I have been searching high and low looking for good chisels, not easy while I was living on the west coast. Family members always telling me that I should just get a set of Buck Bros, I bought them and obviously did not like them. I waited until I moved to West Virgina, and I did a lot of shopping at old antique stores along the way. I was very disappointed in selection of tools at these places. Honestly I found mostly junk, the good stuff most likely has already been purchased. I read the Popular Woodworking Hand Tool Essentials and in chapter 2 it gives an really nice shopping list of hand tools to purchase. This was written by Christopher Schwarz, judging by the price he expected to pay it was a long time ago. He suggested paying no more than $4 for a used chisel and $7-$11 for a new one, What is fair today? Seeing that finding these 750 Series chisels are kinda limited to new ones sold by Stanley, Lie Nelsen, or Blue Spruce, or others, whats the best alternative? I have purchased a few of the new sweetheart 750 and found the backs to be a little difficult to flatten but not as bad as it could have been. But is the new metal any different than the older metals?? I have not seen any documentation saying the Stanley Chisels are made from A2 tool steel, however they seem pretty sturdy. I have always believed you get what you pay for, and I have not been disappointed in Lie Nielsen hand planes. However is $340 for 5 chisels worth it? $570 for 9?? I have not had much luck finding Mortise Chisels at all. But I have become very discouraged and I am contemplating to buy new and forget about the actions, antique stores, flea markets. How much time on average does one take to find the right tool?


----------



## ShaneA (Apr 15, 2011)

Quite a few people on here love the new SW 750 chisels. I recently purchased some Ashley Isles chisels, and have been happy. Not budget busting, kind of mid range option. So many choices…two cherries, lee valley, vintage, japanese, on and on.


----------



## dkirtley (Mar 11, 2010)

From all reports, the ones you mention for new are nice chisels but expensive.

If price is an issue, I think the best option if you are coming up empty is to contact one of the usual used tool pushers and have them make up a harlequin set of good vintage users.

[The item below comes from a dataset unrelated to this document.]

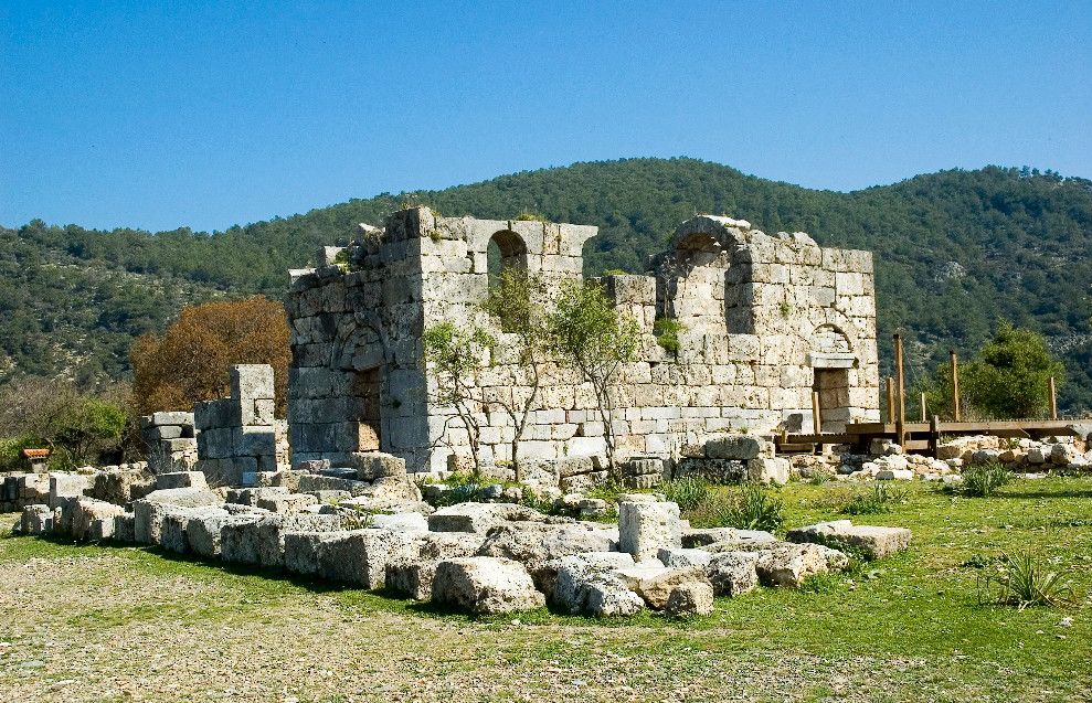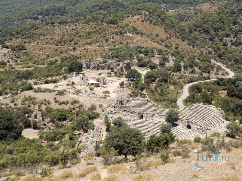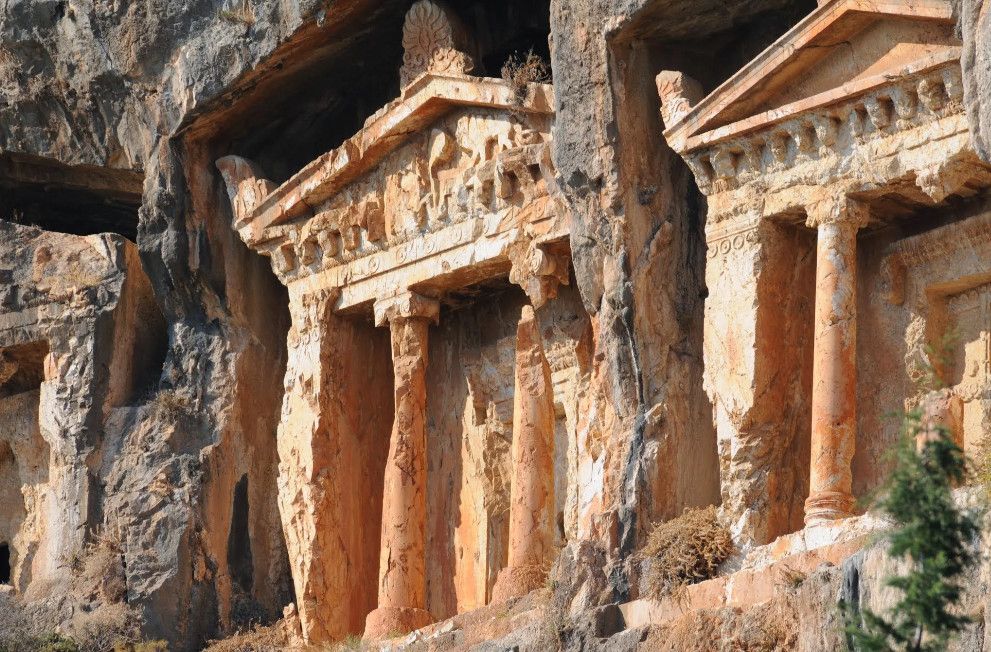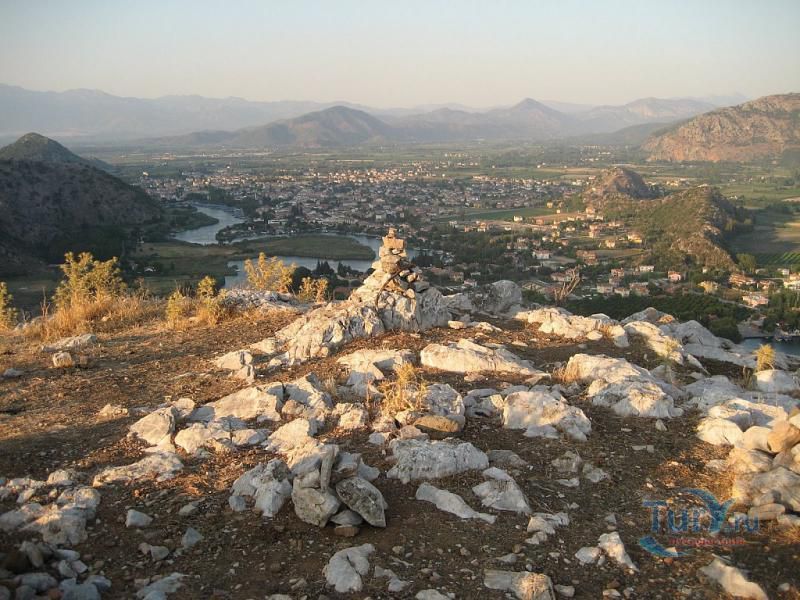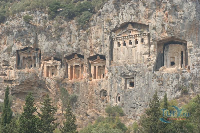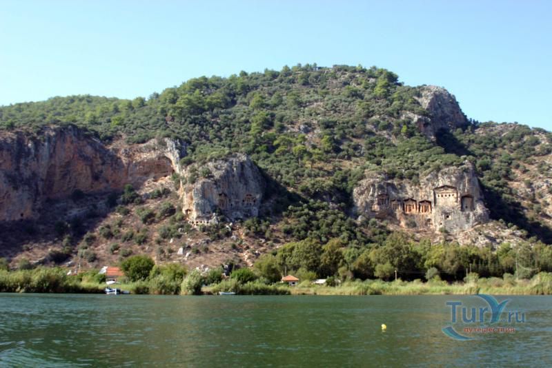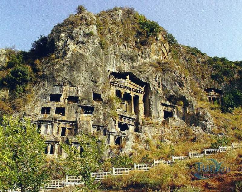 Древний город Каунос расположен на высоте 152 метра над уровнем моря, а акрополь находится на юго-западе города. Небольшая башня на полуострове, имеющая высоту около пятидесяти метров возведена в виде языка, расстилающегося между двух холмов в сторону моря. В течение древней и начала классической эпохи стены города, построенные на задней стороне Кауноса, Маленькой башни и Акрополя, а также внутригородские стены, образовали для города своеобразный защитный щит. Так как до сих пор ещё не на всей территории были произведены раскопки, до конца не ясна точная планировка античного города. Известно лишь то, что он был расширен террасами в период Гекатомнидлера. Предыдущие террасы были восстановлены, а в последующие периоды построены новые и более крупные. Название города упоминается уже в третьем тысячелетии до н.э. Каунос перенес присутствие на своей территории большого количества народов: ионийцев, карийцев, персов, ликийцев, римлян, византийцев и греков. Бейлик Ментеше распространил здесь в 1291 году свою власть, а в 1392 году эти земли были присоединены к Османскому государству султаном Баязидом. Одним из символов Кауноса стали скальные захоронения, датируемые четвёртым веком до н. э. Эти ясно виднеющиеся из Дальяна могилы использовались также во времена римлян. В могилах ликийского типа зачастую устанавливали лежак, состоящий из трех камней, На этот лежак укладывали покойника, а фасад могилы оформляли фронтоном и двумя ионийскими колоннами. Однако не ко всем гробницам можно подойти, для самых отважных здесь имеется веревочная лестница. Давно уже истлели останки захороненных здесь людей. Вечную память давно ушедших цивилизаций охраняют две львиные головы, которые с поверхности карийских гробниц смотрят друг на друга. Каунос являлся важным торговым и портовым городом. Со временем бухта в результате иловых наносов утратила свое значение и обмелела. По мнению Геродота, жители Кауноса сами себя называли уроженцами Гирита. Город был основан сыном Милетоса Кауносом, изгнанным из родительского дома из-за запретной связи со своей сестрой. Причал находится в десяти минутах ходьбы от города. Прибывающие сюда на яхтах оставляют свои корабли рядом с островом Деликли и подходят по каналу на шлюпках к причалу. Городской порт располагался в районе озера Сюлюклю у подножия акрополя. Море в те годы было на уровне самого акрополя. Когда вся Анатолия находилась под влиянием Персии, во времена персидского нашествия, Каунос перешел под управление Мавсола. После того как Александр Великий победил персов городом стала управлять принцесса Ада, потом Антигонус, а после Птолемеус. Город входил по очереди в Родосское и Бергамское королевства. Фрагменты расположенных на северной стороне стен являются средневековыми постройками. Самая длинная стена начинается от северной стороны порта и тянется до отвесных скал около деревни Дальян. Северная часть стены была возведена во времена правления Мавсола. Строения в северо-западной стороне были возведены во время эллинского периода, а те, что расположены непосредственно около порта, принадлежат еще более ранним эпохам. У подножия акрополя находится театр. Его партер насчитывает тридцать три ряда сидячих мест. Одна из расположенных к западу от театра построек, представляет собой церковь наподобие бази

Also, I have been happy with my cheap Japanese chisels from Grizzly. I really don't think that there is a better bargain for a pretty good chisel set for not too much money - $15 each for the 10 pc set. No, they are not hand forged masterpieces but quite nice.


----------



## Smile_n_Nod (Jan 20, 2011)

I've had good results with the Stanley FatMax chisels with the yellow/black handles made of clear plastic and rubber, with a steel strike plate. They don't look like traditional woodworking chisels, but they hold an edge well and worked great for chopping mortises for my SYP bench.


----------



## Smitty_Cabinetshop (Mar 26, 2011)

You can get the full set of SW750 re-issues for around $200. Not A2 steel, but in my experience they're holding an edge very well. Leather roll is a nice touch, too.


----------